In 2011, Jonathan Haidt, a psychology professor at the University of Virginia, gave a talk at the Society for Personality and Social Psychology in which he argued that political conservatives were under-represented in social psychology and that this hinders research and damages the field's credibility. In 2015, Haidt was contacted by Nicholas Quinn Rosenkranz, a Georgetown Universitylaw professor, who had given a talk to the Federalist Society discussing a similar lack of conservatives in law and similarly argued that this undermines the quality of research and teaching. Haidt and Rosenkranz formed "Heterodox Academy" to address this issue. Initial funding for the group came from the Richard Lounsbery Foundation and The Achelis and Bodman Foundation. The Heterodox Academy website was launched with 25 members in September 2015. A series of campus freedom of speech controversies, such as those surrounding Erika Christakis at Yale and the 2015–16 University of Missouri protests, coincided with an increase in membership. Membership was initially open to tenured and pre-tenure professors, but has been expanded to adjunct professors, graduate students, and postdoctorals. The group has a selective membership application process which is partly intended to address imbalances toward any particular political ideology. In July 2017, the group had 800 members internationally. As of February 2018, around 1,500 college professors had joined Heterodox Academy, along with a couple hundred graduate students. In 2018, Debra Mashek, a professor of psychology at Harvey Mudd College, was appointed as the executive director of Heterodox Academy. In 2020, the organization had around 4,000 members.
Programs and activities
In 2016 and 2017, Heterodox Academy published an annual Heterodox Academy Guide to Colleges, a ranking based on "political conformity and orthodoxy". In June 2018, Heterodox Academy held an inaugural Open Mind Conference in New York City, featuring several academic guests recently involved in campus free speech issues, like Robert Zimmer, Lucía Martínez Valdivia, Allison Stanger, Alice Dreger, and Heather Heying.
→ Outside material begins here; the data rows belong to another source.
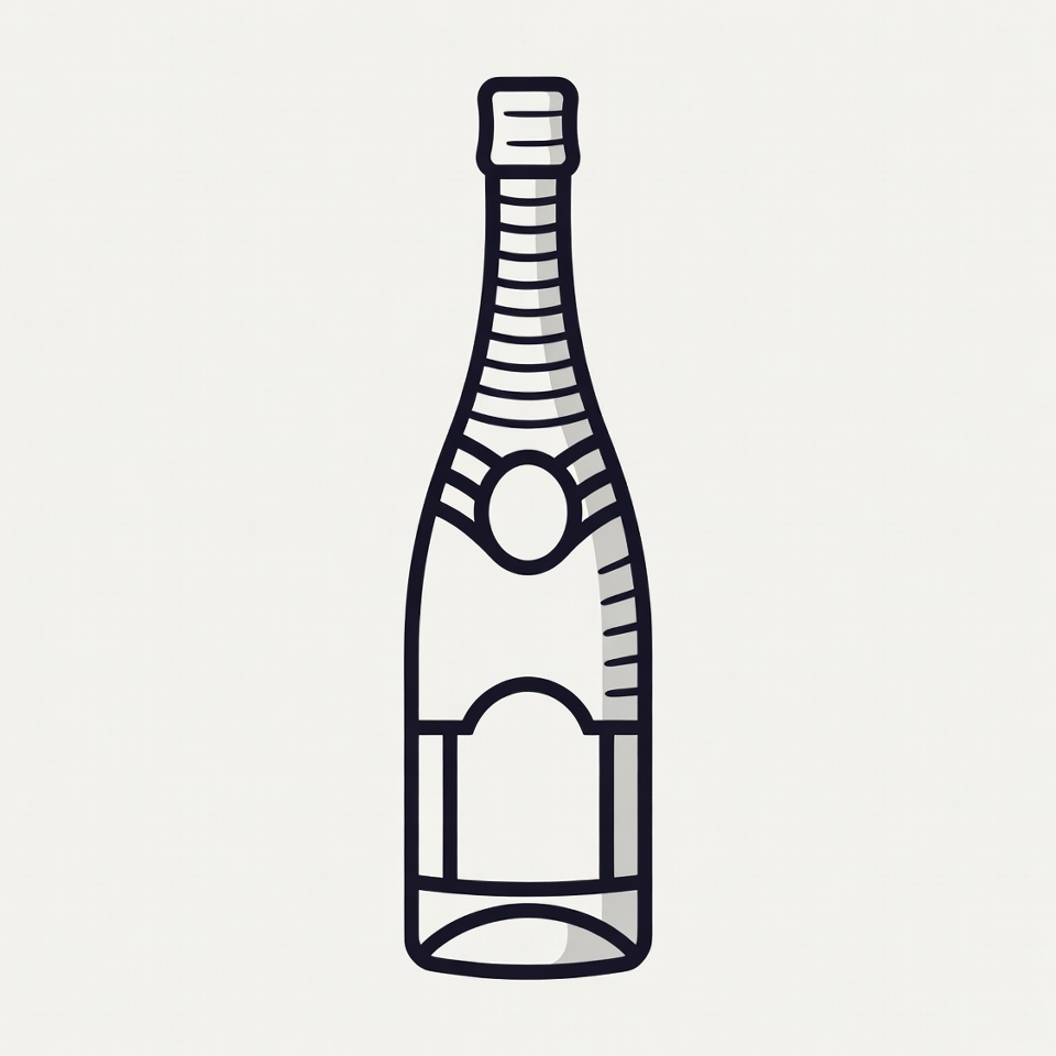 alcohol, beverage, bottle, champagne, clipart, cork, drawing, graphic, illustration, isolated background, label, line art, minimalist, outline, shaded, simple, sparkling wine, vector, wine bottle, champagne bottle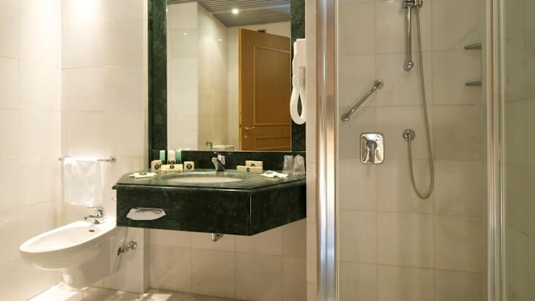 Die klimatisierten Zimmer sind mit einem Doppelbett, einem Queensize-Bett oder einem Kingsize-Bett ausgestattet. Des Weiteren verfügen sie über einen Safe, eine Minibar und einen Schreibtisch. Zur Unterhaltung stehen Direktwahltelefon, TV mit Satelliten-/Kabelempfang und Radio zur Verfügung. Im Badezimmer sind eine Dusche, eine Badewanne, Kosmetikartikel und ein Föhn vorhanden. Auch rollstuhlgerechte Zimmer sind buchbar.
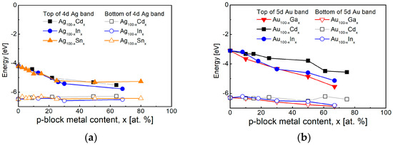 - Nicholson, J.A.; Riley, J.D.; Leckey, R.C.G.; Jenkin, J.G.; Liesegang, J.; Azoulay, J. Ultraviolet photoelectron spectroscopy of the valence bands of some Au alloys. Phys. Rev. B 1978, 18, 2561–2567. [Google Scholar] [CrossRef]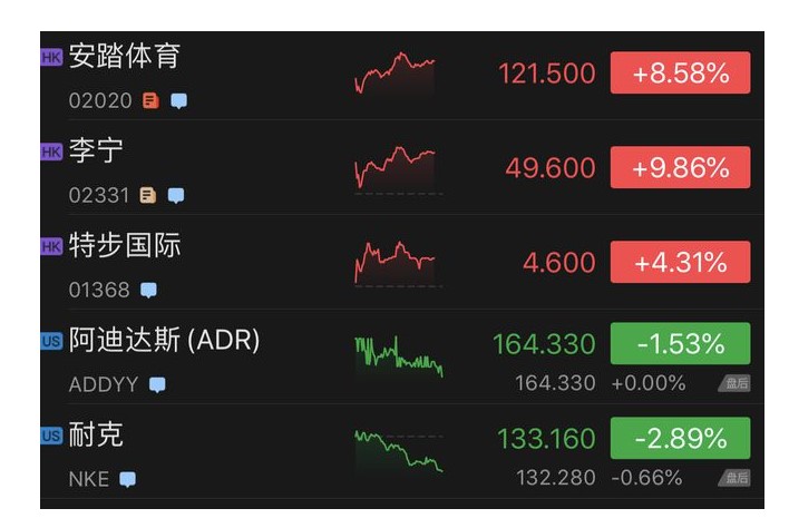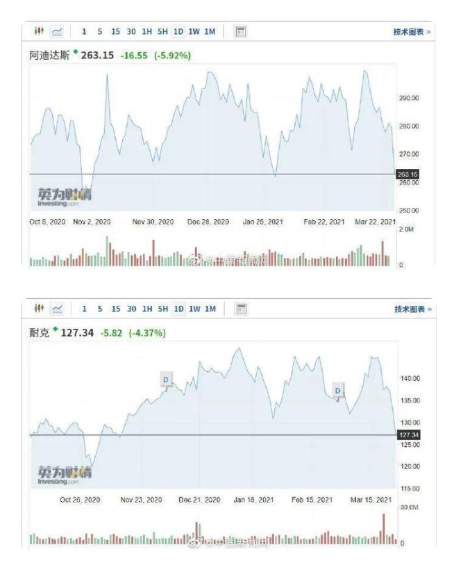 在昨夜美股反弹的情况下,耐克盘中跌近6%,最终收跌3.39%,单日流通市值蒸发约71亿美元(约合463亿元人民币);阿迪达斯3月25日在德国法兰克福交易所跌逾6.49%(美股ADR跌逾5%),单日流通市值蒸发约35亿欧元(约合270亿人民币);二者市值合计蒸发约733亿元人民币。

Heterodox Academy operates an online platform named "Open Mind" that seeks to reduce political polarization in schools and workplaces. The organization also administers a "Campus Expression Survey", designed to allow professors and college administrators to survey their students' feelings about freedom of expression on campus.
Ideology and reception
Heterodox Academy formally describes itself as non-partisan. In 2018, the group's website described its mission as encouraging political diversity to allow dissent and challenge errors. According to Vox's Zack Beauchamp, Heterodox Academy advances conservative viewpoints on college campuses by playing into or presenting the argument that such views are suppressed by left-wing bias or political correctness. Commenators such as Beauchamp and Chris Quintana, writing in The Chronicle of Higher Education, have disputed Heterodox Academy's assumption that college campuses are facing a "free-speech crisis", noting the lack of data to support it and arguing that advocacy groups such as Heterodox Academy functionally do more to narrow the scope of academic debates than any of the biases they allege.